Source: http://www.shofarnews.co.il/site/ARDetile.asp?id=7172&Catogory=2&SubID=6863




POSTSCRIPT
In a sad turn of events, less than a month after he gave his interview with the Yediot Achronot newspaper Moshe Tavor died (6 May). There was one story that he recounted to the interviewer though asked that it not be published while he was still alive:

Although he was very open he categorically refused to allow one word to appear about what he did one day in Moscow. "If the Russians will know that I was there, they will come look for me - even today," said the 90-year old spy who retired about 20 years ago. "I'm still afraid of them".

In 1965 the Soviet Union built a new residence for the Israeli embassy in the capital, Moscow. Members of the diplomatic staff who feared that the building was swarming with listening devices that the Soviets implanted asked that at least one space be be sealed off from eavesdropping and cleaned of microphones so that it would be possible to speak without fear of being overheard. The mission - to debug one room - was assigned to Tavor and his men. "I built in my seminar in Tel Aviv a booth made of perspex boards, and I sent it to Moscow by diplomatic mail. Perspex is a very insulated material, and it also has another advantage: if someone tries to perforate it or to punch a hole in it or implant a microphone into it, it's possible to spot it immediately".

When the boards arrived in Moscow, a team in Tavor's charge came to assemble them in a room arranged ahead of time. "But before that we needed to clear the whole room of the cement that was on the walls and of the tiles on the floors, to leave it completely bare in order to prevent any possibility that listening devices had already been implanted.
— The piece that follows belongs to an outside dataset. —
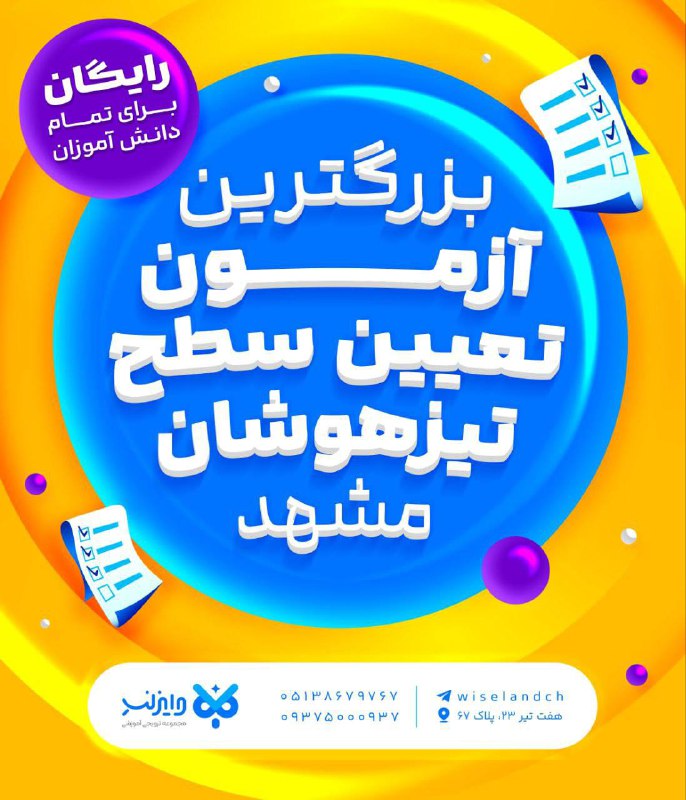 ❗️بزرگترین آزمون تعیین سطح تیزهوشان مشهد

I started to hew and suddenly in the floor I spotted a rectangle made of plywood. I lifted the plywood and beneath it I saw some kind of board, which looked like an electricity board made of insulated material called novotex. It seemed strange to me that they did all the building's wiring from the floor and not from the ceiling, so I carefully lifted the electricity board and underneath it I suddenly revealed an opening to a tunnel with a reinforced ladder made of metal.

I went down a few rungs, groped my way in the dark, and suddenly encountered a dial. I started to turn it and I hear a door that starts to open. I left the dial for a moment and this door, made of metal, falls on my hand. A lot of blood started to stream. I thought I'd lost my hand. With a great effort we managed to turn the metal door against the direction of the pivots. What I saw there was a tunnel nearly at the height of a man, with a thick cable running along its base. I started to follow the cable's path and I saw that the tunnel branches out. I lowered my men to there. At every fork in the path I stationed a man and continued on". At a certain point he was left alone. He continued to advance until at the edge of the tunnel he spotted a slightly open door.

"I stood there in the darkness. That was the most frightening moment in my life. I never felt more worried for my life as I did at that moment there. I told myself, 'if I now go through that door - I won't come out of here alive'". Moshe Tavor turned back, he gathered his men at the junctures at which he stationed them and together they climbed back up to the embassy building. From the window he saw that the door whose threshold he hadn't dared cross was located exactly at the pavilion which lay across from the other side of the fence that walled the embassy - already not in the territorial area of Israel. The Russians apparently understood that the Israelis were on their trail and had located their listening devices. They immediately blocked the expanse, brought in a cement mixer and begun to block the opening to the tunnel. One of the details that Tavor didn't forget was that in charge of the team of men which poured the concrete into the tunnel was a woman.

What the Americans, the British and the Franch didn't succeed in doing - to prevent eavesdropping by the Russians - we, our little selves, succeeded in doing", Tavor said to me just under a month ago. "I'm convinced that if the Russians would know that it was me, they will look for and find me. Even today, and therefore this is something that I'm not prepared to have published, except after my death".
On Friday last week [May 6] Moshe Tavor died.